Console app, that can remove text diacritics from stdin, inside files and file/dir names
Method for removing diacritics was chosen from this benchmark: https://github.com/jakubsuchybio/Benchmark-Diacritics
Time - everything is O(n), where n is the size of input
Memory - stdin and content removers have O(n) memory consumption, where n is the size of input
Memory - file-names remover have O(n) memory consumption, where n is the size of directory tree (names)

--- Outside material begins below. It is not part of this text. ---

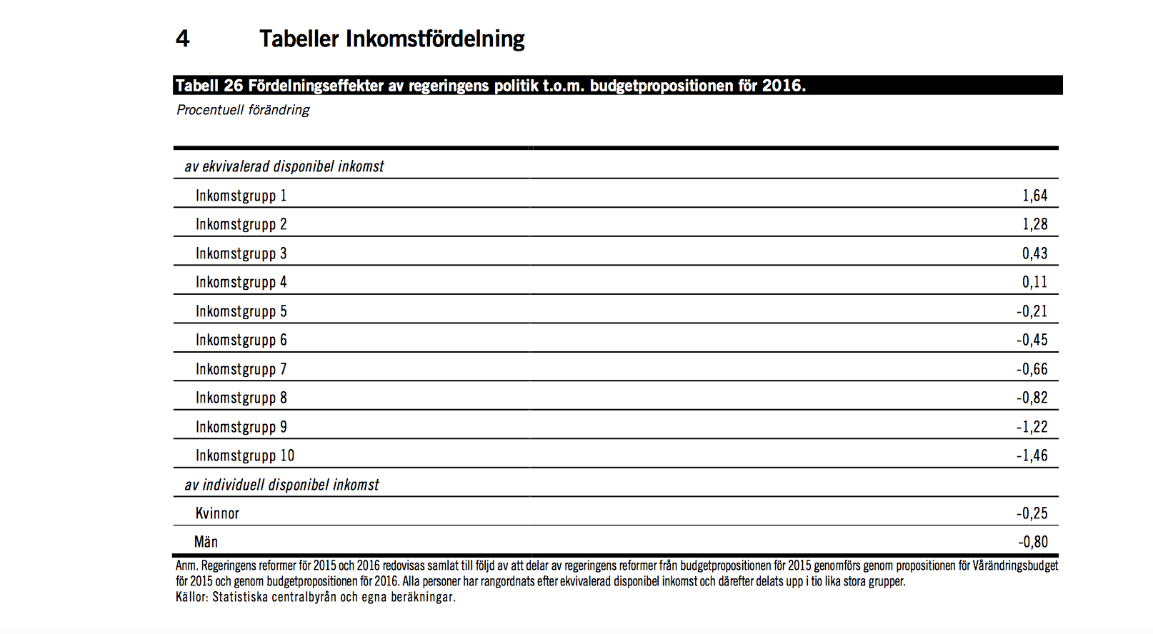 Tabellen visar att de fattigaste 40 procenten tjänar mest på regeringens budget. På grund av att politiska åtgärder som främst gynnat män, exempelvis jobbskatteavdraget, trappas av, förlorar män mer än kvinnor på budgeten.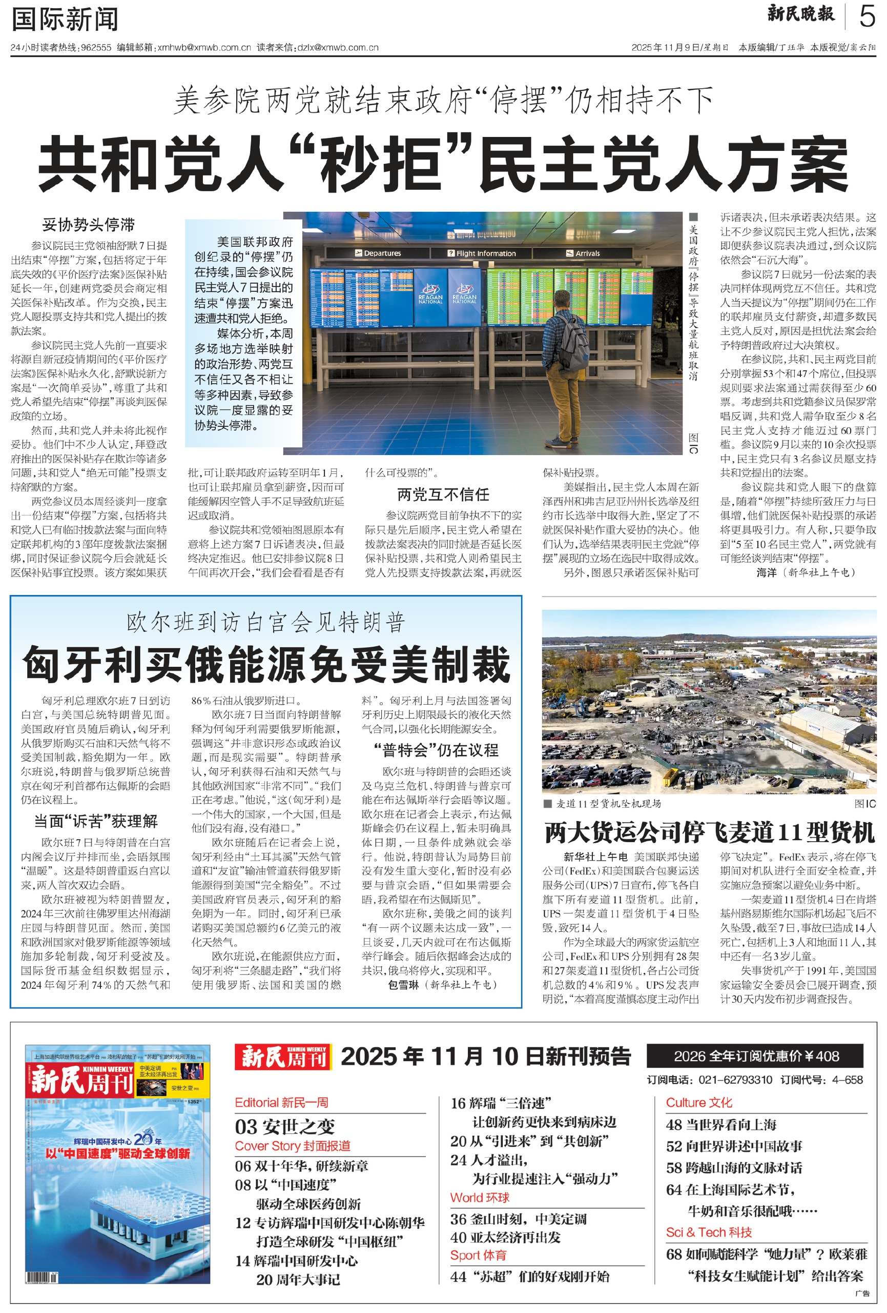 两党参议员本周经谈判一度拿出一份结束“停摆”方案,包括将共和党人已有临时拨款法案与面向特定联邦机构的3部年度拨款法案捆绑,同时保证参议院今后会就延长医保补贴事宜投票。该方案如果获批,可让联邦政府运转至明年1月,也可让联邦雇员拿到薪资,因而可能缓解因空管人手不足导致航班延迟或取消。

Complexity can be definitelly improved by buffering, but I didn't see it important for my kind of use.
> .\remove-diacritics.exe help
remove-diacritics 1.0.16+Branch.master.Sha.301c567a42c94a9b8e8f824d9470b07975623407
Copyright (C) 2019 remove-diacritics
stdin Removes diacritics from stdin and outputs it to stdout
file-names Removes diacritics from all files and directories
content Removes diacritics inside files
help Display more information on a specific command.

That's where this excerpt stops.